Oops, I was thinking about the regularization
parameter (which is for the LKJ prior on the correlation matrix) and not the concentration
parameter, sorry! You're right that concentration
is for the dirichlet. Let me take a closer look at this and get back to you.
how could we control the prior distribution on the groups-level variances
The shape
and scale
arguments to decov()
will also definitely affect the prior so you can use those. But I'm now also wondering, like you, why the concentration parameter only seems to have an affect when there are both varying slopes and intercepts. For the regularization parameter that makes sense, but I thought that the concentration parameter should affect the variances/sds even if just varying intercepts. @bgoodri Is that not the case?

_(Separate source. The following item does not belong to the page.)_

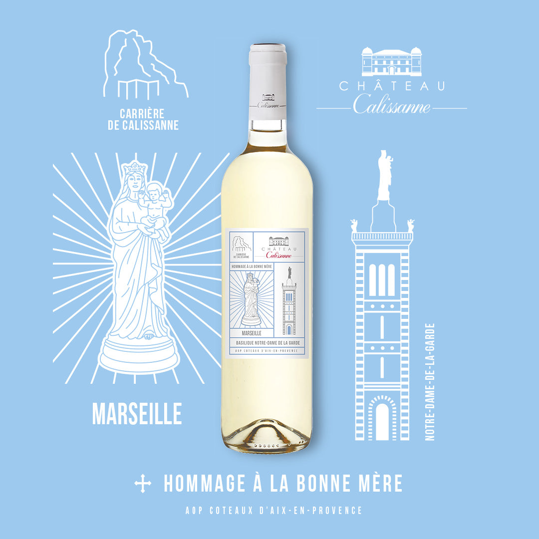 Cette cuvée solidaire, « Hommage à la Bonne Mère », est destinée à participer à la restauration de la statue de la Vierge Marie, située au sommet de la basilique Notre-Dame de la Garde. Ce monument emblématique de Marseille fut édifié en 1852 avec des blocs de pierre calcaire provenant des carrières historiques du domaine, comme ce fut aussi le cas pour la cathédrale La Major au cours de la même période.

For terms like (1 | g), then the variance-covariance matrix is 1x1 and the Dirichlet prior on the variance proportion would put all of its mass on 1. At that point, the gamma prior with the given shape and scale pertains to the standard deviation of the intercept across levels of g.
On Tue, Nov 10, 2020 at 2:08 PM Jonah Gabry notifications@github.com wrote:
how could we control the prior distribution on the groups-level variances
The shape and scale arguments to decov() will also definitely affect the prior so you can use those. But I'm now also wondering, like you, why the concentration parameter only seems to have an affect when there are both varying slopes and intercepts. For the regularization parameter that makes sense, but I thought that the concentration parameter should affect the variances/sds even if just varying intercepts. @bgoodri https://github.com/bgoodri Is that not the case?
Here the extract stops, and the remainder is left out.